Tuesday, April 24, 2012

11th Part

The hermit remembered his second burden on the way to the mountains. He'd begun to lose focus, to think only of finding the sea, but the little girl reminded him of his daughter, which reminded him of the mountain, which reminded him again of the young man with his strange request.

It became very important to the old man that he get rid of the second soul. There were fewer people on the road now, and fewer houses to the left or right, but whenever he met anyone he tried to cajole them or bribe them or beg them to take the weight off him.

"I can't go to the sea with this other soul on my back!" he'd cry, clinging to the strangers' shirts. Most of them looked concerned, but no one offered to help. It was his own damn fault, they thought, for taking such a heavy burden in the first place.

He began building fires at night, hoping indefinitely that they would bring help. Perhaps he expected ghosts to emerge, and like moths dance around his small blazes, offering to take what he could no longer carry, offering to relieve him of his unhallowed bundle. But no ghosts came, and no one would take the soul off his shoulders.

One night he tried to remove it himself. He took out his knife, and pared away at his shoulders until he was too tired and sore to keep at it. Eventually he had to bandage himself up and forget about losing the soul, abandon the project as a lost cause. It made him very sad, and very afraid, and yet there was nothing he could do about it.

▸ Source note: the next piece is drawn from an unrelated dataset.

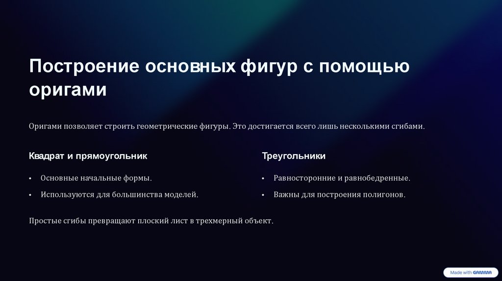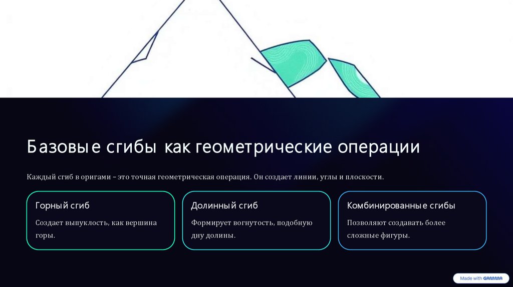 Б азовы е сгибы как геометрические операцииКаждый сгиб в оригами – это точная геометрическая операция. Он создает линии, углы и плоскости.

So the mountains got bigger, and the man's hope of ridding himself of the soul became smaller, until he found himself climbing the mountain like a mountain goat in trousers whose sadness is that of two men, and whose head is full of fears and doubts and trouble.

He climbed and climbed and climbed, and eventually the sea filled his thoughts again, but he couldn't forget the young man's soul altogether as he'd done before. He could only hope the sea was strong enough to bear it and him toward another shore.